ТУГАН-БАРАНОВСКИЙ Михаил Иванович

наст. фам. Туган-Мирза-Барановский;

27.12.1864(8.1.1865) – 21.1.1919

Экономист, историк, публицист, общественный деятель, один из представителей «легального марксизма». В 1895–1899 приват-доцент Петербургского университета по кафедре политэкономии; с 1913 профессор Петербургского политехнического института. Получил степень магистра политэкономии за работу «Промышленные кризисы в современной Англии, их причины и влияние на народную жизнь» (1894). Публикации в журналах «Новое слово», «Начало», «Мир Божий». Редактор журнала «Вестник кооперации». Автор исследований «Русская фабрика в прошлом и настоящем» (т. 1, СПб., 1898), «Теоретические основы марксизма» (СПб., 1905), «Основы политической экономии» (СПб., 1909), «Социальные основы кооперации» (Пг., 1916).

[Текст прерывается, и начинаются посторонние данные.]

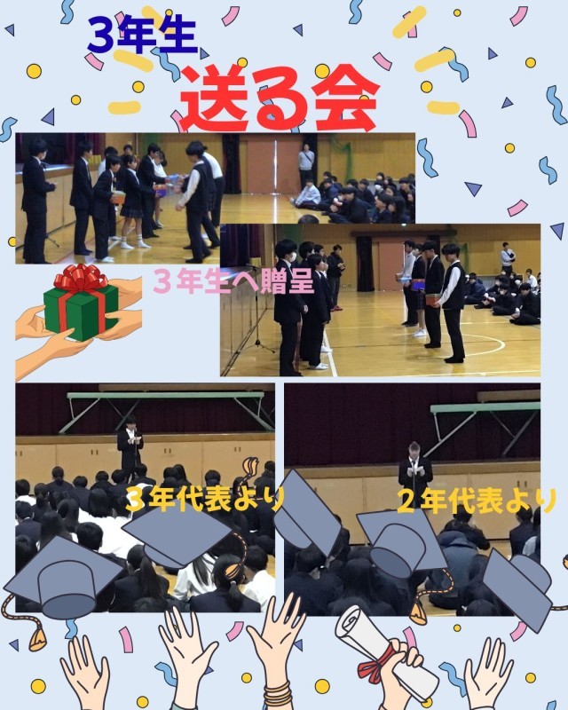 学級代表からは当日の証書をとめておくリボンを各クラスに贈呈しました。2年生からの送る言葉は3年生が後輩にやさしく丁寧に関わり続けてくれていたことへの感謝の気持ちと次は自分もそうなりたいという気持ちを語りました。そして3年生から自分たちの今までの頑張りを次の2年生へ受け継いでほしいという熱い思いを語り、集会を終えました。どちらも堂々と語り合えていました。2年生は最上級生としての心構えと準備をして過ごしてほしいです。3年生は残りの時間をしっかりと仲間と過ごし卒業式を迎えてほしいです。

«Не Туган выдумал социализм и связанные с ним экономические теории. На это у него не хватило бы воображения. Но мозги его обладали редкой емкостью для впитывания книжного материала. Он мог наизусть цитировать Карла Маркса и Энгельса, твердил марксистские истины с послушным упорством мусульманина, проповедующего Коран. Экономический материализм был для него не только научной истиной, но святыней. И он, и Струве были совершенно уверены, что правильно приведенные изречения из „Капитала“ или даже из переписки Маркса с Энгельсом разрешают все сомнения, все споры. А если еще указать, в каком издании и на какой странице это напечатано, то возражать могут только идиоты. Для этих начетчиков марксизма каждая буква в сочинениях Маркса и Энгельса была священна. Слушая их, я поняла, как мусульманские завоеватели могли сжечь Александрийскую библиотеку.

Надо надеяться, что будущие исследователи истории марксизма, в особенности русского, разберут, как это случилось, что люди, казалось бы, неглупые принимали эту мертвую каббалистику за научную теорию. Но русские пионеры марксизма купались в этой догматике, принимали ее за реальность. Жизни они не знали и не считали нужным знать.

Меньше всего их интересовали те, ради кого все эти теории сочинялись, – живые люди. Они, особенно Струве, их не замечали. У Тугана все же было любопытство к отдельным людям, была своеобразная мягкость. Сам бездетный, он очень любил детей. Он иногда приходил ко мне, чтобы повозиться, поболтать с моим маленьким сыном. Тот взбирался к нему на колени, заставлял рисовать ему неведомых зверей. Эта игра занимала и ребенка, и экономиста. Такой, домашний Туган мне больше нравился, чем тот, который письменно и устно проповедовал классовую ненависть. Это ему не подходило.

…Туганы были из татар, переселившихся в Литву в XIV веке. …Миша, высокий, широкоплечий, грузный, с толстыми, скуластыми щеками и небольшими, чуть раскосыми глазами, на татарина и походил. У него была странная манера говорить. Он бормотал, слегка шепелявил, слова по-детски вылетали из небольшого рта с красными, пухлыми губами. …Была в нем доля нелепости, слепоты, иногда граничащей с тупостью. Он был большой мастер, что называется, ляпать, говорить то, чего говорить не следует.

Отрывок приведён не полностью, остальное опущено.